Ob die in § 72 Abs. 2 GVG für die Berufung in Wohnungseigentumssachen vorgesehene Zuständigkeitskonzentration eintritt, richtet sich allein danach, ob es sich um eine Streitigkeit i.S.v. § 43 Nr. 1 bis 4 oder Nr. 6 WEG handelt; dagegen ist es unerheblich, wenn in erster Instanz nicht der nach dem Geschäftsverteilungsplan für diese Streitigkeiten zuständige Amtsrichter entschieden hat.

 

Normenkette

GVG § 72 Abs. 2

 

Verfahrensgang

LG Potsdam (Beschluss vom 20.02.2015; Aktenzeichen 1 S 33/14)

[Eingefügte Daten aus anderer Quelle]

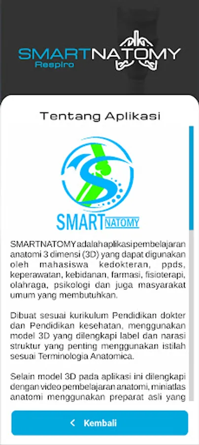 SMARTNATOMY is a 3-dimensional (3D) anatomy learning application that can be used by medical students, ppds, nursing, midwifery, pharmacy, physiotherapy, sports, psychology and also the general public in need.

LG Frankfurt (Oder) (Beschluss vom 26.01.2015; Aktenzeichen 16 S 227/14)

AG Potsdam (Urteil vom 15.07.2014; Aktenzeichen 22 C 87/13)

 

Tenor

Die Rechtsbeschwerden gegen die Beschlüsse der 1. Zivilkammer des LG Potsdam vom 20.2.2015 und der 6. Zivilkammer des LG Frankfurt/O. vom 26.1.2015 werden auf Kosten des Klägers als unzulässig verworfen.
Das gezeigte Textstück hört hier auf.